Over 100 Bodies Found in Iraq Amid ‘Disaster’ Warning

Author: 
Agence France Presse
Publication Date: 
Sat, 2006-09-16 03:00

BAGHDAD, 16 September 2006 — More than 100 bullet-riddled corpses have been recovered from the streets of Baghdad over the past three days, officials said yesterday, amid a sharp spike in sectarian violence in Iraq.

Pointing the finger at Shiite death squads, Iraq’s top Sunni leader Adnan Al-Dulaimi said that “well-known militias” were behind the communal bloodletting that he warned was propelling the country toward “disaster.”

The United Nations has also warned that Iraq could slide into civil war as the daily bloodshed shows no signs of abating despite political efforts for national reconciliation.
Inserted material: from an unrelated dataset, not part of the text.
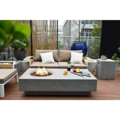 Mit der viereckigen modernen Gas Feuerstelle Manhattan Beton-Optik dunkelgrau verwandeln Sie Ihre Terrasse oder Ihren Garten in Ihre persönliche Wohlfühloase unter freiem Himmel. Der Feuertisch ist in der Mitte mit einem großflächigen Gasbrenner ausgestattet. Das Feuer ersetzt wunderbar das Kerzenlicht und das Flackern der Flammen lässt sich vom Wind praktisch nicht löschen wie es bei Kerzen der Fall ist. Maße: ca. L 91 x B 91 x H 42 cm

In the past three days, security forces have collected bodies of more than 100 people killed in Shiite-Sunni violence, the epicenter of which is Baghdad. US and Iraqi security officials say most were shot dead execution-style with bullet to their heads and many showed signs of torture.

Interior Ministry spokesman Brig. Gen. Abdel Karim Khalaf told AFP that 51 bodies had been recovered in Baghdad in the past 24 hours. He said some of them had been killed in “criminal activities.”

On Thursday, police reported finding 20 corpses and on Wednesday 64 bodies were registered by the capital’s morgues. “A large portion of those is murder, execution-style type activity. It is associated with sectarian violence,” US military spokesman Maj. Gen. William Caldwell told reporters on Thursday.

The violence in Baghdad has surged despite a massive security crackdown — Operation Together Forward — by US and Iraqi forces since mid-June. Sunni Arab leaders have regularly charged that the sectarian killings are carried out by militias linked to Shiite political parties who dominate the Parliament.

Dulaimi alleged on Thursday that “well known militias” were carrying out the killings, referring to armed groups close to Moqtada Al-Sadr and the Supreme Council for Islamic Revolution in Iraq.

“If strong measures are not taken soon, the country is going toward disaster and no one would be saved,” said Dulaimi, a lawmaker and head of the National Concord Front, Iraq’s largest Sunni parliamentary bloc. “These well-known militias are pushing the country to the edge of catastrophe,” he said.